The vomeronasal organ (VNO) is an olfactory structure that detects pheromones and environmental cues. This organ consists of sensory neurons that express evolutionary unrelated groups of transmembrane chemoreceptors. Two of these groups (or repertoires) – the predominant V1R and V2R – are believed to detect airborne and water-soluble molecules, respectively.
It has been suggested that the shift in habitat of early tetrapods from water to land is reflected by an increase in the ratio of V1R/V2R genes. Unfortunately, snakes are missing from this analysis.

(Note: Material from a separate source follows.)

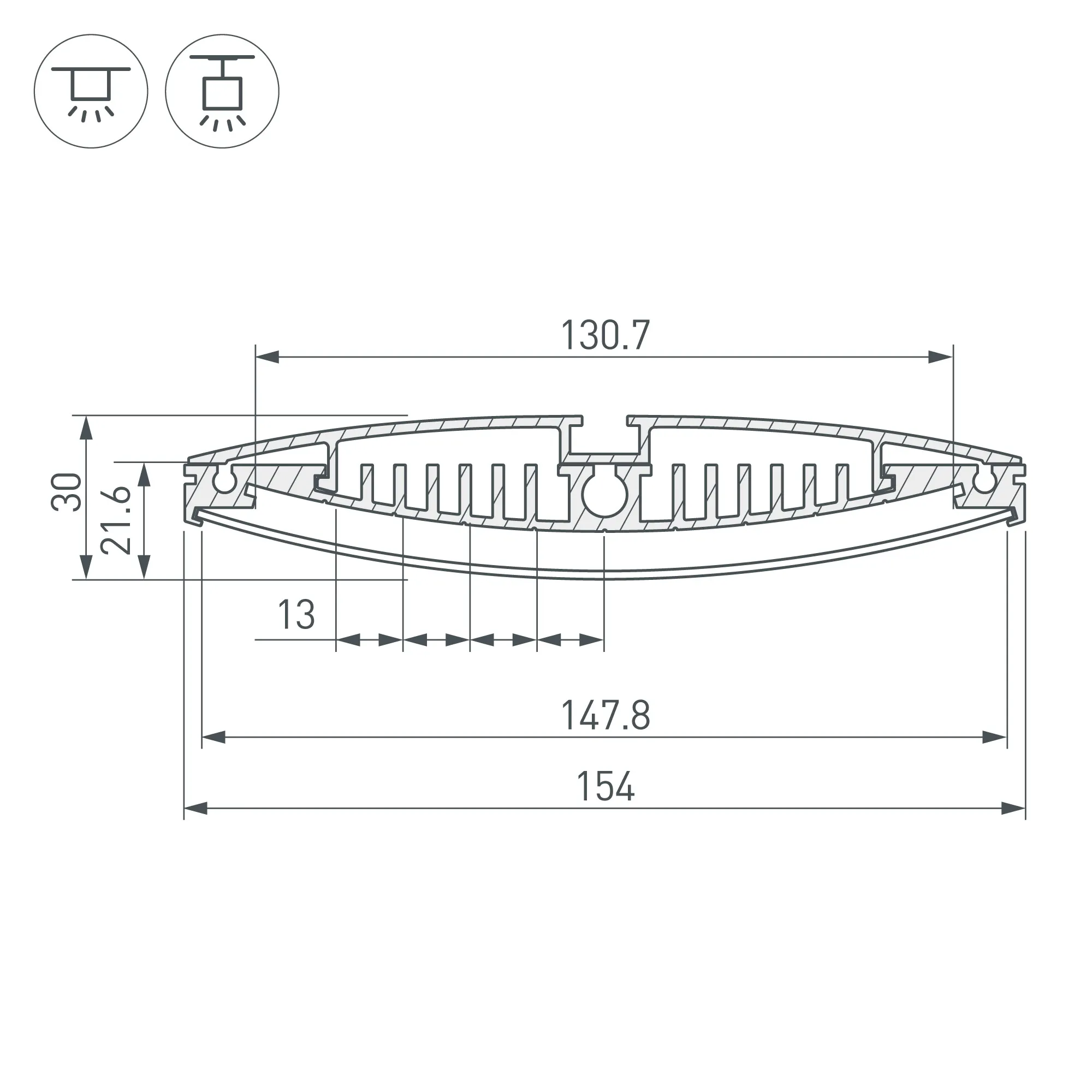 Алюминиевый анодированный широкий профиль для светодиодных лент и линеек. Габаритные размеры (L×W×H): 2000x154x21,6 мм. Ширина площадки для ленты 130 мм., макс.мощность до 50Вт/1м. Экраны, заглушки и другие аксессуары приобретаются отдельно. Цена за 1 метр.

Snakes exhibit spectacular and exceptional adaptations that are readily recognizable. Deeply embedded in the popular psyche, snake tongue flicking (whose function is to deliver odorant molecules to the VNO) is for sure one of the characters most readily recognized by the public as "reptilian".
It is likely that the evolutionary success of snakes is largely due to the exceptional development of their VNO. Indeed, the spectacular chemo-sensorial abilities of snakes are due to the exceptional development of their VNO associated with a sophisticated tongue delivery system. Blind snakes can survive in the wild because they rely much more on their VNO than on their visual system!
The laboratory of Pr Michel Milinkovitch, in collaboration with Prof Ivan Rodriguez, both from our department, has used various molecular techniques to analyse the diversity, evolution, and expression pattern of the corn snake vomeronasal receptor repertoires. Their results have been recently published in the «Genome Biology & Evolution» journal.
They indicate that snakes and lizards retain an extremely limited number of V1R genes but exhibit a large number of V2R genes, including multiple lineages of reptile-specific and snake-specific expansions.
Hence, this analyses do not support the hypothesis that the shift to a vomeronasal receptor repertoire dominated by V1Rs in mammals reflects the evolutionary transition of early tetrapods from water to land.
This study sheds light on the evolutionary dynamics of the vomeronasal receptor families in vertebrates and reveals how mammals and squamate reptiles differentially adapted the same ancestral vomeronasal toolbox to succeed in a terrestrial environment.
Finally, the authors show that the peculiar bigenic pattern of V2R vomeronasal receptor gene transcription observed in mammals is conserved in squamate reptiles, hinting at an important but unknown functional role played by this expression strategy.